Tayyip Erdoğan hakkında bu köşede kaleme aldığımız yazılarda ısrarla ‘Başbakan’ yerine ‘BOP Eşbaşkanı’ sıfatını kullanmamıza, AKP’li olduğunu zannettiğimiz bazı okurlarımız fena bozuluyorlardı.
Gelen e-postaların içeriği genelde şöyleydi:
- “Tamam sevmeyebilirsin, beğenmeyebilirsin, ama o Türkiye’nin Başbakanı. Neden Başbakan sıfatını kullanmıyor da, hakaret eder gibi hep BOP Eş başkanı diyorsun.
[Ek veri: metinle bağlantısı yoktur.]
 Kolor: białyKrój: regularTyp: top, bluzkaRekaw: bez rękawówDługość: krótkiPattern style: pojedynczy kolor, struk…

Bir Müslümanın, bir Müslümana böyle hitap etmesi doğru mu?”
Biz de kendilerine şu cevabı veriyorduk:
- “Peki, Müslüman olan ve Türkiye Cumhuriyeti Başbakanı sıfatını taşıyan bir kişinin, aynı zamanda Amerika-İsrail patentli Büyük Ortadoğu Projesi’nde Eş başkan olması doğru mu?”
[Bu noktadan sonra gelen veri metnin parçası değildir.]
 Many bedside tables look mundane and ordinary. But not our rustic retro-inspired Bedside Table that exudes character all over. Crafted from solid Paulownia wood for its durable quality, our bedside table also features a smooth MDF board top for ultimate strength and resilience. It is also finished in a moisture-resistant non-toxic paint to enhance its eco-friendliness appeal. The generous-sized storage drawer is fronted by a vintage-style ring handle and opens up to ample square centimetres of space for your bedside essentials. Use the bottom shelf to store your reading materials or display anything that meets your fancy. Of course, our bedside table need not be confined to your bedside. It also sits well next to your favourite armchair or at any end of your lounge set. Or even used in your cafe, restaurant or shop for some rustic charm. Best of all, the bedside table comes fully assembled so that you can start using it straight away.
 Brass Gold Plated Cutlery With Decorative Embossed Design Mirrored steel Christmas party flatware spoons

Kaldı ki Erdoğan’ın ‘BOP Eşbaşkanı’ olduğunu biz söylemiyorduk.
Tam yedi defa, bizzat kendisi itiraf ediyordu.
* * *
Tayyip Erdoğan, daha önce yaptığı konuşmalarda aynen şöyle diyordu:
- “Şu anda Büyük Orta Doğu Projesi var ya, bu proje içerisinde Diyarbakır bir merkez, bir yıldız olabilir.” (16 Şubat 2004:)
- “Geniş Büyük Orta Doğu Projesi’nde demokratik ortak olarak bir görev üstlendik. Şu anda Orta Doğu coğrafyası üzerindeki ülkelere yapmış olduğumuz ziyaretler de, bunun açık, net örnekleridir.” (8 Haziran 2005)
- “Türkiye’nin Orta Doğu’da bir görevi var. Biz BOP’un eşbaşkanlarından biriyiz. Bu görevi yapıyoruz.” (4 Mart 2006)
Erdoğan, 13 Ocak Salı günü AKP’nin haftalık grup toplantısında yaptığı konuşmada ise, aynen şu ifadeleri kullandı:
- “Büyük Orta Doğu Projesinin amacı bellidir. O amaçlar içerisinde Türkiye’nin üstlendiği görev de bellidir. BOP, barış, huzur, insan hakları, hukukun üstünlüğü, ileri demokrasi ve ekonomik kalkınma, kadın hakları ve eğitim özgürlüğünü daha yukarılara taşımak amacıyla atılmış bir adımdır. Burada Türkiye’ye de bir görev verildi ve biz bu görevi üstlendik.”
* * *
Büyük Orta Doğu Projesi ya da yeni ismiyle Genişletilmiş Orta Doğu ve Kuzey Afrika Projesi’nin ne olduğu, ABD Dışişleri Bakanı Condoleezza Rice tarafından 7.08.2003 tarihinde Washington Post için kaleme alınan bir yazıda şöyle açıklanıyor:
-“Fas’tan Basra Körfezi’ne, oradan Orta Asya steplerine kadar 24 ülkenin rejimlerini, sınırlarını ve haritalarını değiştirmek.”
Projenin ve nihai hedefi ise, önce Irak’ın kuzeyindeki temelleri atılan ‘Yahudi-Kürt’ devletini ilan etmek, sonra İran, Suriye ve Türkiye’den koparılacak parçaları bu devletçiğe monte ederek bir ‘Birleşik Kürdistan’ devleti oluşturmak, nihayet bu kukla devleti ve ‘arz-ı mevud’ toprakları içinde ortaya çıkacak diğer ‘site/şehir’ devletçiklerini, ‘Büyük İsrail’ şemsiyesi altında birleştirmek.
Nitekim, “Ortadoğu’nun yıldızı olacak” denilen Diyarbakır, ABD Silahlı Kuvvetler dergisinde yayınlanan haritalarda, ‘Yahudi-Kürt Devleti’nin sınırları içerisinde gösteriliyor.
Aynı haritalar, NATO toplantılarında da sık sık gündeme getiriliyor.
* * *
Şimdi soruyoruz:
‘BOP Eşbaşkanlığı’ görevi, Tayyip Erdoğan’a kim veya kimler tarafından nasıl verildi?
Erdoğan, nihai hedefi Türkiye’yi de bölüp parçalamak olan bir projede, ‘Eşbaşkan’ olarak görev alarak alenen suç işlemiyor mu?
Savcılar, olaya el koymak için daha ne bekliyor?